CAN Driver Failing Inconsistently

Hi. We are currently encountering an issue with using the DroneCAN protocol (specifically the CAN drivers) on Cube flight controllers. This issue has come up both on the Cube Blue H7 as well as the Cube Orange+.

Currently, the CAN2 port is connected to 2 Here4 GPS units, and the CAN1 port is connected to 8 ESCs (the frame type is a quadcopter with dual motors on each arm). Both the Cube Blue and the Cube Orange+ are running the most updated firmware, as in an attempt to resolve the problem, both Cubes have been flashed through MP.

Below are our steps and observations that led up to the development of this issue.

  1. (Using Cube Blue H7) Using the SIK radio, parameter loading speed and consistency decreases over the course of 3-4 hours. Parameters are able to load about half the time
  2. During regular operator flight (with no inconsistencies to previous flights), a compass failsafe is triggered. Operator lands drone immediately.
  3. Upon rebooting the flight controller, Ardupilot failed to boot on the Cube. This is indicated by the messages console constantly displaying the message ā€˜Initializing Ardupilot’
  4. The problem was then debugged for around ~7 hours. In the process, the Cube Blue H7 was swapped out with the Cube Orange+ (both of which showed the same issue), the GPSs were removed and reinstalled, the firmware was flashed among many other attempts to resolve the problem. Eventually, it appeared that when the CAN drivers (both 1 and 2) were turned off, Ardupilot booted on the Cube and didn’t when either one was turned on.
  5. However, at the end of the 7 hours, the drivers seemed to randomly resume regular operation. This was not due to flashing firmware, rewriting parameters, or anything in general but simply occurred randomly.
    1. This resumption was verified by the spin test of 2 out of the 8 motors.
    2. All 8 ESCs were then connected to the Cube, and the issue came back as Ardupilot failed to boot once again. No software changes were made between the spin test and the Ardupilot failing to boot.

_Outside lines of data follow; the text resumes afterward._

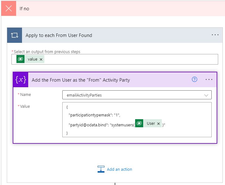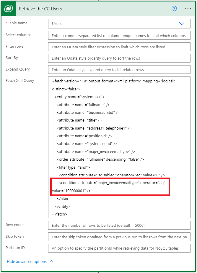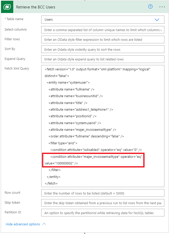 The next set of steps will fill out the rest of the emailActivityParties array (the From, CC, and BCC). An email has to have a From and a To on it, but the CC and BCC are optional. A custom field Invoice Email Type was added to the User entity with values of From, CC, and BCC. This field is used in FetchXML (which can be downloaded by creating your query in Advanced Find, and clicking the Download FetchXML button) in a List Rows action.
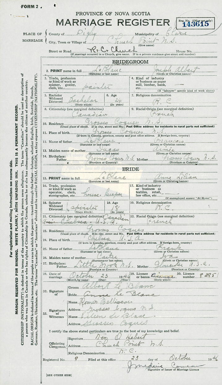 Groom Joseph Albert LeBlanc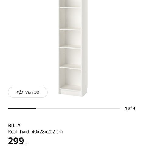 4 Billy-reoler samt cd-reol kan afhentes . Som udgangspunkt vil vi gerne af med det hele til samme 'køber'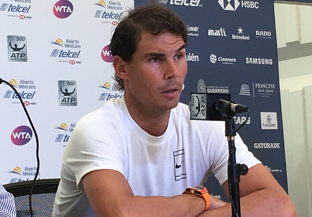 当地时间2018年2月27日,ATP墨西哥公开赛,纳达尔出席发布会宣布退赛。(图片署名: 东方IC) "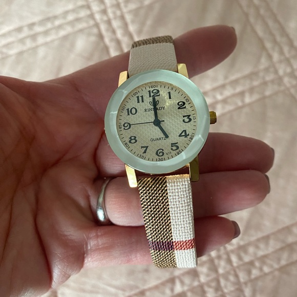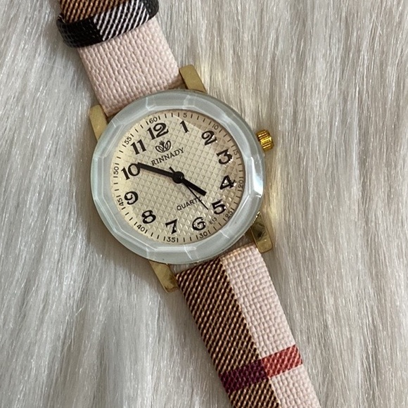 Beautiful plaid quartz watch, vegan leather. brand new in package.

The above steps were all performed within the time frame of 48 hours. This issue was then debugged for another ~4 hours after a 24 hour break when the Cube was not powered. The Cube was then left alone for a week and a half before debugging resumed. Upon booting, it appeared that the drivers resumed normal operation (no parameters were changed). This time, the following procedure was followed.

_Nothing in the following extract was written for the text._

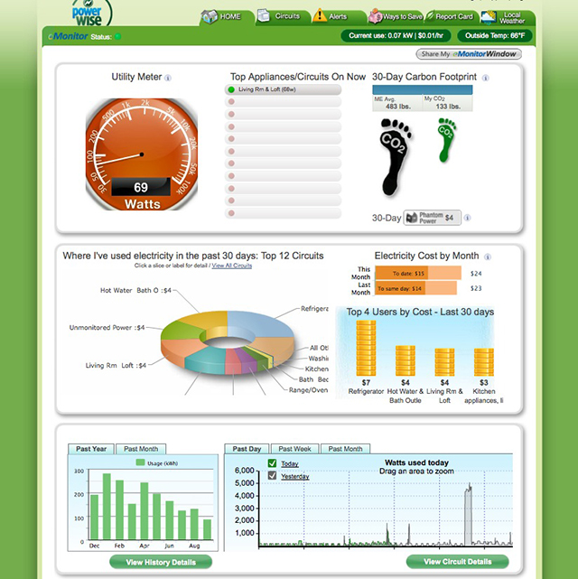 Студенты из колледжа Миддлберри установили в свой дом систему eMonitor, с помощью которой можно следить за потреблением энергии в сети и определить пять устройств, потребляющих энергию больше всего. Данный подход позволит максимально близко подойти к пониманию экономии энергии.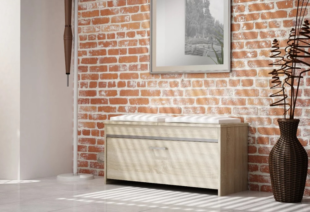 Takový botník se sedátkem může být i součástí celé předsíňové stěny. Záleží na tom, zde zařizujete předsíň kompletně celou, nebo chcete jen některé kusy nábytku.

  1. One individual ESC and motor is plugged into the Cube.
  2. Cube is power cycled 3 times. On each power cycle, it is verified with the message console that the Cube boots properly. On power cycle 2 and 3, the motor is spin tested.
    Upon testing motors 1, 6, 2, and 5 (the front set of motors), the 4 motors are tested as a set, following the same procedure as above. The same thing is done for motors 4, 7, 3, and 8 (the back set of motors) upon completion of testing each motor individually. Then, all 8 motors are spun together, which succeeds consistently through 5 consecutive power cycles. In this entire process, no parameters are changed, and the CAN drivers are not turned off in any way.

It seems to us that the problem is not able to be consistently reproduced nor consistently present. If anyone has any ideas as to where the problem is originating from and/or a consistent fix for it, please let us know.

This seems suspicious. Have you tested without the radio connected? What sort of radio is it.

I would set LOG_DISARMED,1 and gather a working instance and non-working instance.
Upload the .bin logs to a filesharing service and provide the links to working and non-working logs here.

1 Like

I am another person on this team and I can answer some questions, but both of us are away from the drone for a few days.

The radio is a sik radio (3dr I think), but we recreated the fail to initialize over usb as well multiple times, as we generally changed parameters over usb due to the radio failing.

Here’s a link to all of our logs for one of the autopilots.
Cube Blue Logs

The last flight before the failure I believe was 141, but logs from the most recent 2 days could be useful.

Unfortunately, I am not with the hardware to do the logging when disarmed, though the system now appears to work. We aren’t sure of how to recreate the issue.

UPDATE: This problem was determined to be due to the parameter ESC_CALIBRATE, which caused the problem to be irregular and difficult to pinpoint. Essentially, when the FC is powered on with the throttle on the RC set at full, the ESCs would go into calibration mode, causing the FC to not boot up. With this parameter set to 0 for ā€˜Normal Operation’, the problem was successfully resolved.